Thursday, June 30, 2016

Dan Scharlack - Memory

  When finally I realized that I’d forgotten 
I could not recall what it was I’d left behind. 
How do we start to search for something 
when we’re not sure what it is we’re looking for? 

I don’t know the answer to that, 
But, in my case, I remember the walking. 

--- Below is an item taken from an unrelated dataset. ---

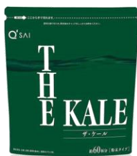
Kale Aojiru juice using Japanese grown kale "The Kale"

I remember walking through sleepless nights, 
down boulevards, avenues, and alleys, 
up stairwells stained with urine and smoke, 
and through mountain passes dusted with twilight. 
I remember walking through fog, and snow, and oceans, 
through concert halls, laundromats, and churches, 
through fantasies, dreams, and songs, 
my feet floating six inches off of the ground. 
Over family members, friends, and lovers, 
seeking pleasures whose lease was too short to bear their cost. 
Through caves, waterfalls, and subway tunnels 
whose stone walls hummed with the glow of fluorescent bulbs. 

But I could not remember what it was I’d forgotten. 

And I felt the soreness in my legs 
the dizziness in my head 
and the unlocatable, undefinable, 
unrelenting longing in my heart 

But I could not remember what it was I’d forgotten. 

And I cursed my head, 
And I cursed my heart, 
And I cursed my legs and feet, 
As I realized they were leading me 
in the same damn circles over and over and over again 

And I could not remember what it was I’d forgotten. 

But my feet knew better than I did. 
Because these circles were a spiral 
that moved further and further and further in on itself.

At the center of the spiral 
all of the circles collapsed, 
the arches of my feet collapsed, 
my legs under my hips collapsed, 
my torso, arms, head, body, heart, mind, and will, collapsed. 
I never remembered what it was I’d forgotten, 
At the center of the spiral 
the one who was trying to remember 
and what was forgotten 
into a 

And finally the walking stopped. 

though there was no longer any separation, 
between me and what I’d forgotten, 
and for no reason I can understand, 
Somehow, the thing that I’d forgotten 
came and picked me up off of the ground. 
And though I will never know the name of the thing that held me 
I can tell you exactly how it feels to be lifted
And what it’s like to walk for the very first time.